1. Increase investments in early-childhood education for poor children. Even though short-term gains in IQ or achievement test scores diminish over time, there is evidence of long-term improvement in a variety of outcomes, including educational attainment that will help children escape from poverty as adults. Increased investment in early childhood education is particularly important given the limited investment our society currently makes in the cognitive development of very young children. This should be the top priority for new spending in public education.

2. Provide educators with incentives to adopt practices with a compelling research base while expanding efforts to develop and identify effective instructional regimes. One of the lessons from the accountability movement is that highly disadvantaged schools (and districts) often lack the capacity to change themselves.
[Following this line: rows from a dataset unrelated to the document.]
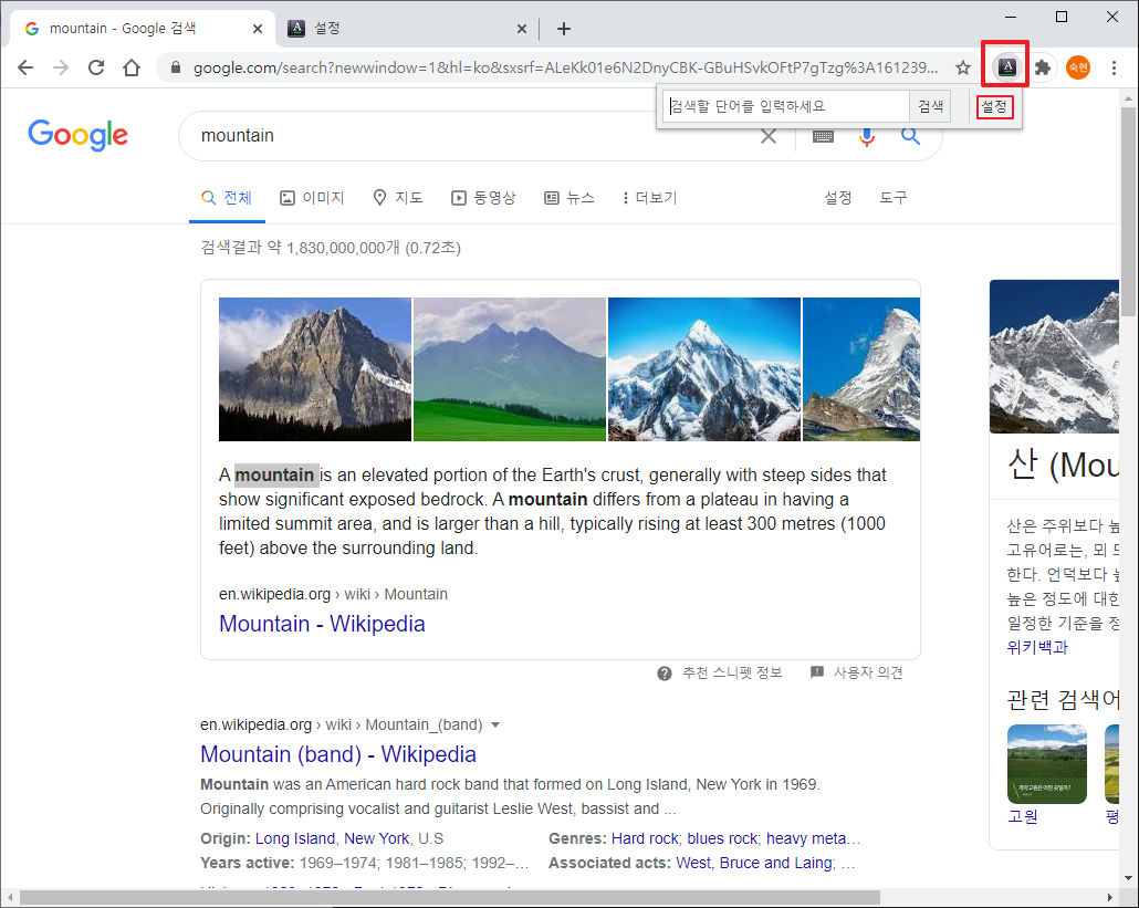 네이버 영어사전 확장프로그램의 설정을 눌러줍니다.
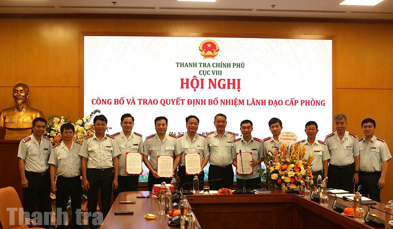 Lãnh đạo Cục VIII chúc mừng các trưởng phòng được lãnh đạo Thanh tra Chính phủ bổ nhiệm. Ảnh: Hoàng Nam
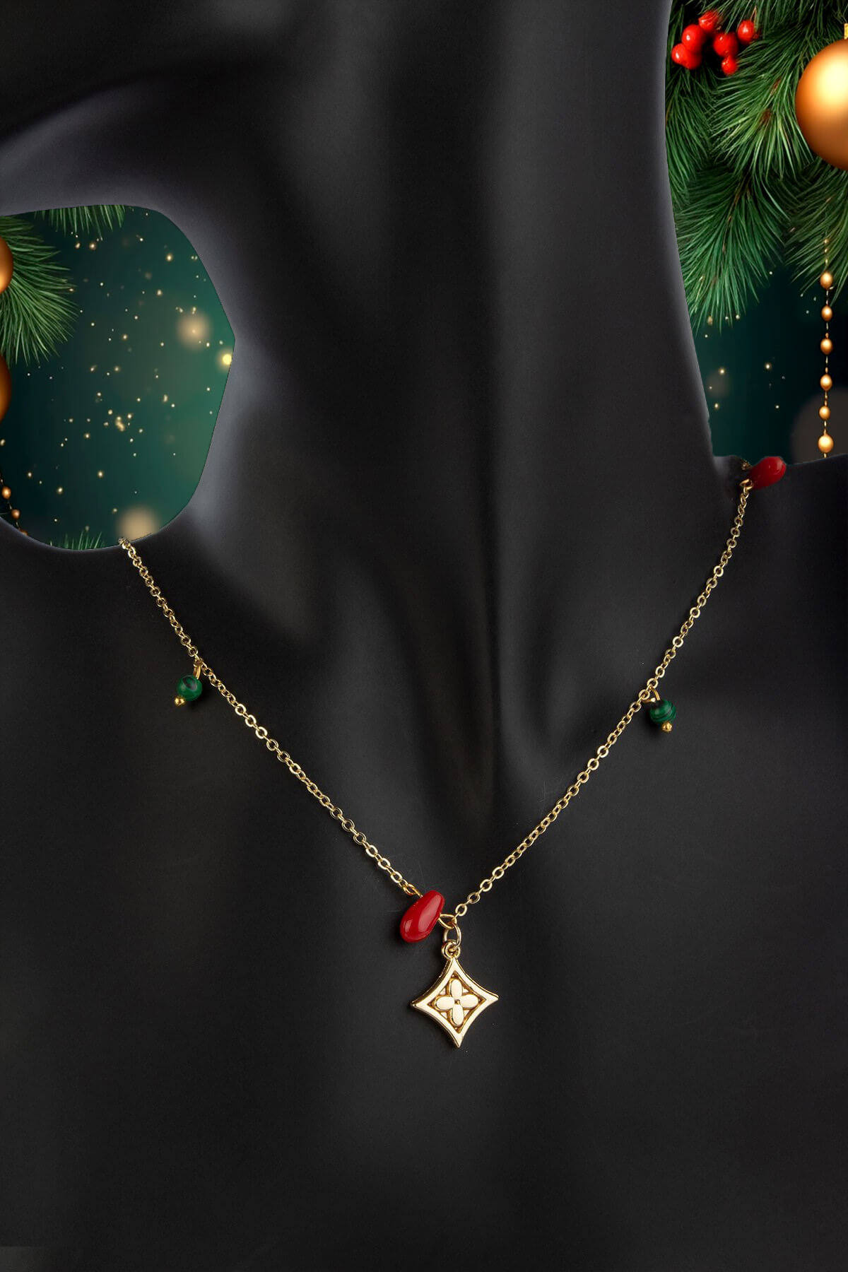 Mercan Malakit Doğal Taş Kokina Temalı Yılbaşı Kolyesi (KLYDGL-0051)

Regions and district officials should ensure that disadvantaged schools, particularly those that have continued to fail under recent accountability systems, adopt instructional practices and related policies with a strong research base.
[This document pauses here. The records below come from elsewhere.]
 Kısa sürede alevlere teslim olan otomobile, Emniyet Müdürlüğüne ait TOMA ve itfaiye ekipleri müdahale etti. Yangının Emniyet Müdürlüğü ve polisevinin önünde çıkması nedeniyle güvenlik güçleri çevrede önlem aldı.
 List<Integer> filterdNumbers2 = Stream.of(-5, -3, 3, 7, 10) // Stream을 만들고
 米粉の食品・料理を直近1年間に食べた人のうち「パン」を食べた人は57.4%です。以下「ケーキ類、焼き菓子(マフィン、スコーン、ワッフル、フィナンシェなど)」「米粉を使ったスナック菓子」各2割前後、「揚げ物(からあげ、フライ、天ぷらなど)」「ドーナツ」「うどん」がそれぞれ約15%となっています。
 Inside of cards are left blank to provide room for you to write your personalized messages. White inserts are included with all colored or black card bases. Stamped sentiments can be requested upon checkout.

There is no need to reinvent the wheel. At the same time, the government through the ministry of education and the Ghana Education Service could help spur such advantages through more focused research and development spending, and governments at all levels could help increase the supply of high-quality practices by requiring schools to use programs that have been rigorously evaluated.
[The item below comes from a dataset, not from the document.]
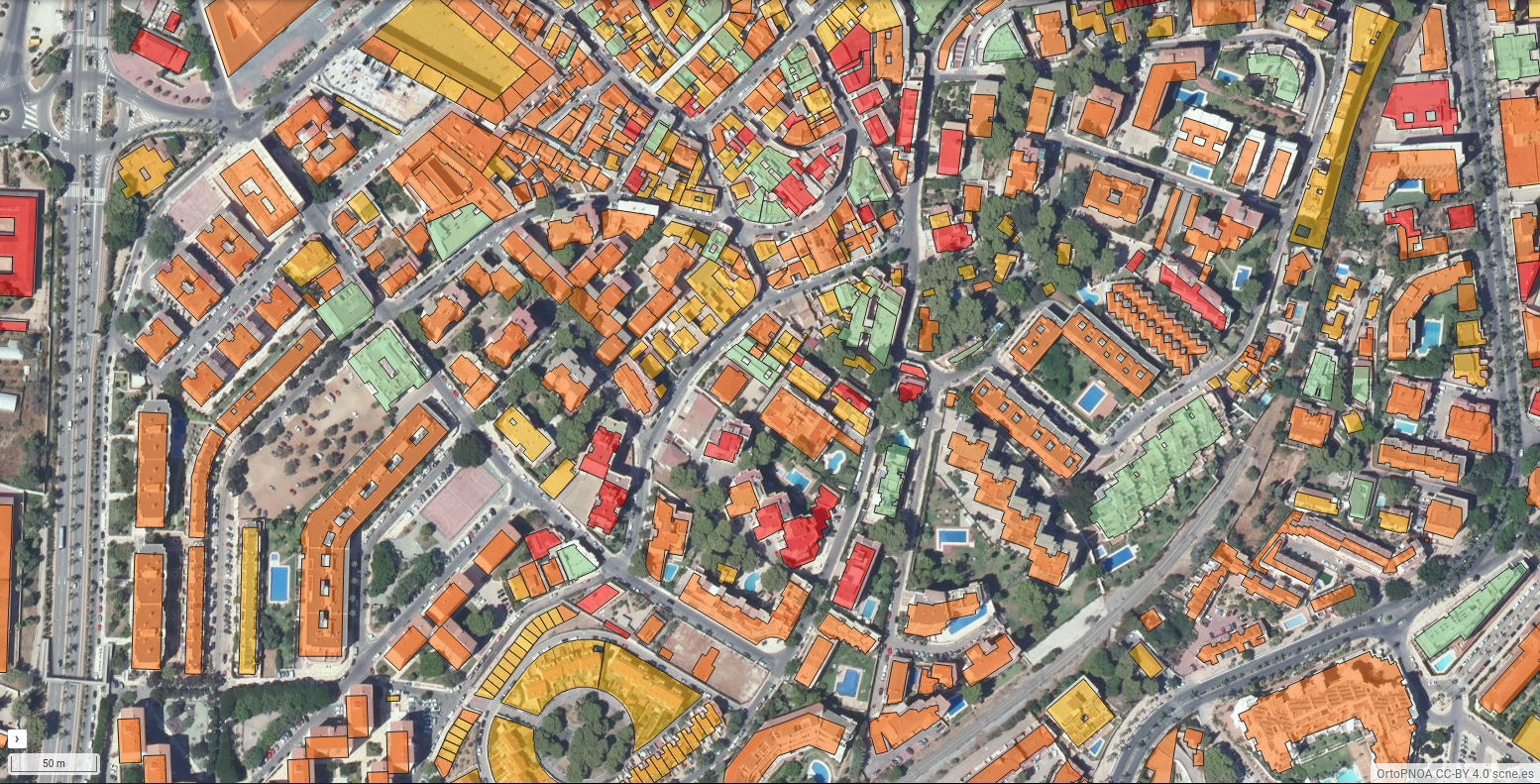 En general, los edificios que superan un valor de 40 en la clasificación preliminar, y que por lo tanto aparecen en rojo y clasificados como riesgo alto, son sólo aquellos en los que el proceso de teledetección basado en el análisis de fotografías aéreas o satelitales ha detectado la posiblidad de que haya amianto en su cubierta, o bien aquellos en los que en una posterior inspección visual se ha detectado una elevada probabilidad de presencia de ese o algún otro material con amianto. Aún así, la presencia de ese material no se dará por cierta hasta que se compruebe mediante una inspección, llegado el caso.

3. Continue to support and evaluate a variety of public school choice options. Although we believe that the current evidence on the benefits of public school choice is limited, we also think that the risk associated with these policies is small so long as they are implemented in ways that do not substantially exacerbate school segregation along race or class lines. We encourage the government to facilitate the expansion of magnet and charter schools, and to carefully evaluate the impact of these schools on the students they serve as well as the surrounding schools.

Most antipoverty policies focus on lifting adults out of poverty. These policies are often controversial because of an unavoidable tension between the desire to help people who have been unlucky and the motivation to encourage hard work and punish socially unproductive behavior. In contrast, successful education policies can not only help reduce poverty over the long term by making poor children more productive during adulthood, but also foster economic growth that expands the “pie” for everyone. Educational interventions also benefit from a compelling moral justification. Disadvantaged children should not be punished for the circumstances into which they are born, and improved education policy is one of the best ways to prevent this from happening.